== Provided records

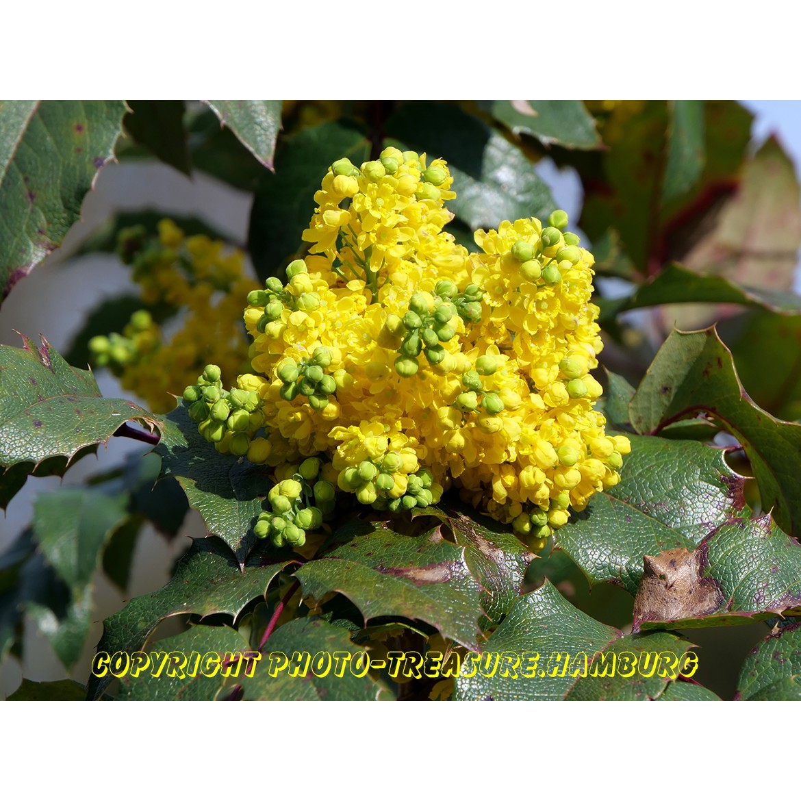 Die Mahonie erfreut zum Anfang des Frühlings mit einem traubenförmigen gelben Blütenstand. Mahonien sind ursprünglich in Asien, im Himalaya und auf dem amerikanischen Kontinent heimisch.
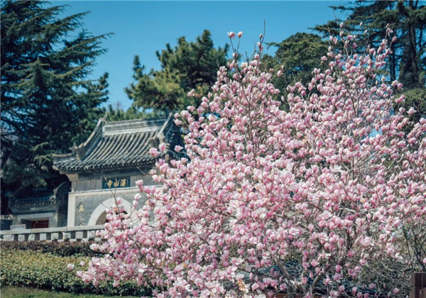 Blooming magnolias exude a lazy elegance. The abundant flowers grow upwards, resembling jade ornaments on branches and creating a picturesque and poetic scene. [Photo/WeChat account: qd12301]
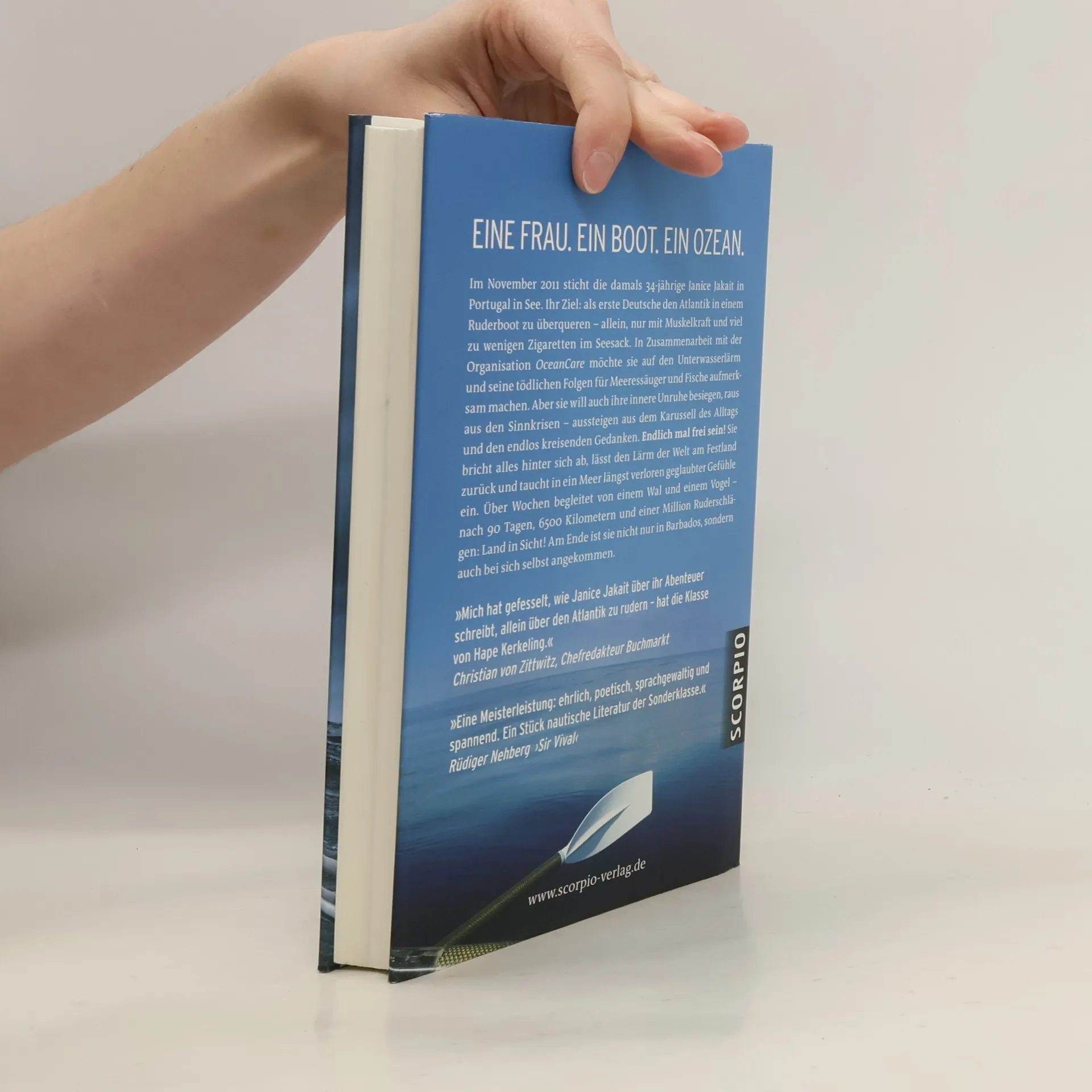 Im November 2011 bricht die 34-jährige Janice Jakait in Portugal auf, um als erste Deutsche den Atlantik in einem Ruderboot zu überqueren – allein, nur mit Muskelkraft und wenigen Zigaretten. In Zusammenarbeit mit OceanCare möchte sie auf den Unterwasserlärm und dessen tödliche Auswirkungen auf Meeressäuger und Fische aufmerksam machen. Gleichzeitig sucht sie nach innerer Ruhe, um aus dem Karussell des Alltags auszubrechen und endlich frei zu sein. Sie lässt den Lärm der Welt hinter sich und taucht in ein Meer längst verlorener Gefühle ein. Begleitet von einem Wal und einem Vogel, rudert sie 90 Tage lang, legt 6500 Kilometer zurück und erlebt eine Million Ruderschläge, bis sie schließlich in Barbados ankommt und auch bei sich selbst ankommt. Janice Jakait erfüllt sich ihren Traum, den Atlantik allein zu überqueren, nachdem sie zehn Jahre darauf hingearbeitet hat. In ihrem speziell ausgerüsteten Ruderboot Bifröst rudert sie täglich zehn bis zwölf Stunden in zweistündigen Schichten. Trotz Seekrankheit, Schlafstörungen und der Herausforderungen der Natur findet sie in der Stille des Ozeans eine nie gekannte innere Ruhe. Mit eindringlicher Sprache schildert sie ihre Tour de Force und lässt den Leser an einem einzigartigen Abenteuer teilhaben, das bisher keine Deutsche bewältigt hat.
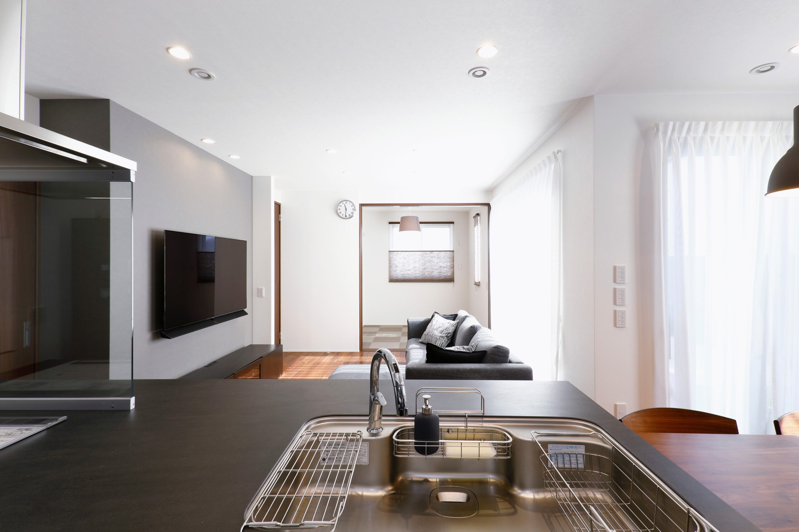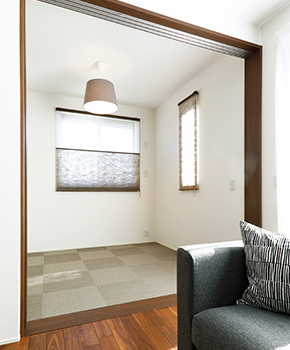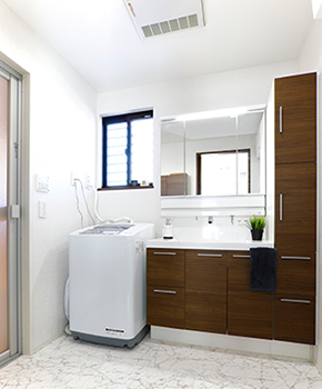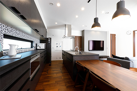 2階建|延床 約35坪|敷地 約71坪 海外ドラマに憧れて家事もはかどるキッチンの家 海外ドラマがお好きだという奥さま。家を建てる時イメージしたのはアメリカンな邸宅。デザインで訪れた人を圧倒するアイランドキッチンを中心に、カッコいい家ができあがりました。天井が高く、通路にも余裕を持たせた広々とした空間で家族みんなの笑顔が光ります。 1. 暮らしの中心となるアイランドキッチン 2. 自然光が差し込む吹き抜け空間 3. ハイユニット採用で2.6mの天井高 家族構成/ご主人、奥様、お子さま2人 竣工年月/2018年4月27日 建物/シンセ・スマートステージ 敷地面積/237.00㎡(71.69坪) 建物面積/1階:64.39㎡ 2階:53.10㎡ 延床面積/118.05㎡(35.71坪) 家の顔となるアイランドキッチン キッチンを中心とした回遊動線には余裕を持たせ、子どもたちが思う存分走り回ったりご夫婦で一緒に家事をしたりするのに快適な広さがあります。リビングとの距離を近づけたキッチンからは、炊事をしながら家族の様子が確認できます。また、壁に掛けたテレビも炊事しながら観られるように、角度にこだわりました。キッチンのカップボードなど、生活感が隠れる収納を実施しています。 おでかけ前の気分を高める吹き抜け空間 朝、お出かけの時間は、フィックス窓からの自然光が心地いいという吹き抜け玄関。ご主人の帰宅の際には、お子さまたちが2階の廊下から顔を出してくれるそう。 LDKとひと間続きのスマート和室。テキスタイルフロアを採用し、フローリングとも違和感がありません。ご両親が宿泊する際は客間として使用されています。 二人が並んで使用できる広さの洗面室。共働きのご夫妻は、支度が同時にできる快適さを毎朝実感しています。 階段の壁に選んだのは絵画のように印象的なアクセントクロス。 キーワード 吹抜け 面積 35〜40坪まで
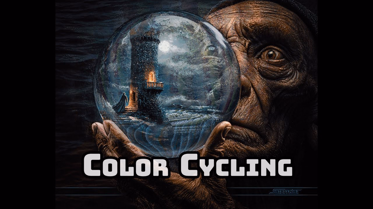 Palette cycling is an interesting technique borne out of limitations of old graphic cards. Today, any pixel can have any color it wants. In the 1970s and 1980s, you were limited to just a few fixed colors: as few as 2 for monochrome displays, or 4, or 8, or – if you were lucky – 16. Some of those fixed palettes, like CGA’s, became iconic:
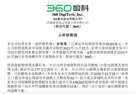 DoNews11月23日消息,360数科在港交所发布公告称,最终发售价已确定为每股发售股份50.03港元。待香港联交所批准后,A类普通股预期将于2022年11月29日在香港联交所主板开始交易,股份代号为“3660”。假设超额配股权未获行使,公司的全球发售所得款项总额(扣除包销费及发售开支前)预计约为2.772亿港元。
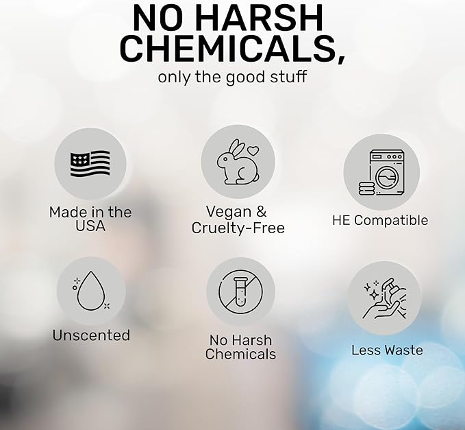 - YOUR CLOTHES WILL LOVE IT - We designed this concentrated blend of gentle washing detergents and natural fragrances to soften and reduce wrinkles and eliminate odors, stains, and dirt. Our high efficiency laundry detergent is ideal for everyday laundry, including cottons, linens, blends, and durable synthetics. It's also safe for whites and all colors, and you can use it in hot, cold, hard, or soft water.

====

**About this exercise**
What is needed is a word-for-word repeat of every line from the line with "Palette cycling is" to the end of the entries above; leave out the pictures.

**Exercise response**
 Palette cycling is an interesting technique borne out of limitations of old graphic cards. Today, any pixel can have any color it wants. In the 1970s and 1980s, you were limited to just a few fixed colors: as few as 2 for monochrome displays, or 4, or 8, or – if you were lucky – 16. Some of those fixed palettes, like CGA’s, became iconic:
 DoNews11月23日消息,360数科在港交所发布公告称,最终发售价已确定为每股发售股份50.03港元。待香港联交所批准后,A类普通股预期将于2022年11月29日在香港联交所主板开始交易,股份代号为“3660”。假设超额配股权未获行使,公司的全球发售所得款项总额(扣除包销费及发售开支前)预计约为2.772亿港元。
 - YOUR CLOTHES WILL LOVE IT - We designed this concentrated blend of gentle washing detergents and natural fragrances to soften and reduce wrinkles and eliminate odors, stains, and dirt. Our high efficiency laundry detergent is ideal for everyday laundry, including cottons, linens, blends, and durable synthetics. It's also safe for whites and all colors, and you can use it in hot, cold, hard, or soft water.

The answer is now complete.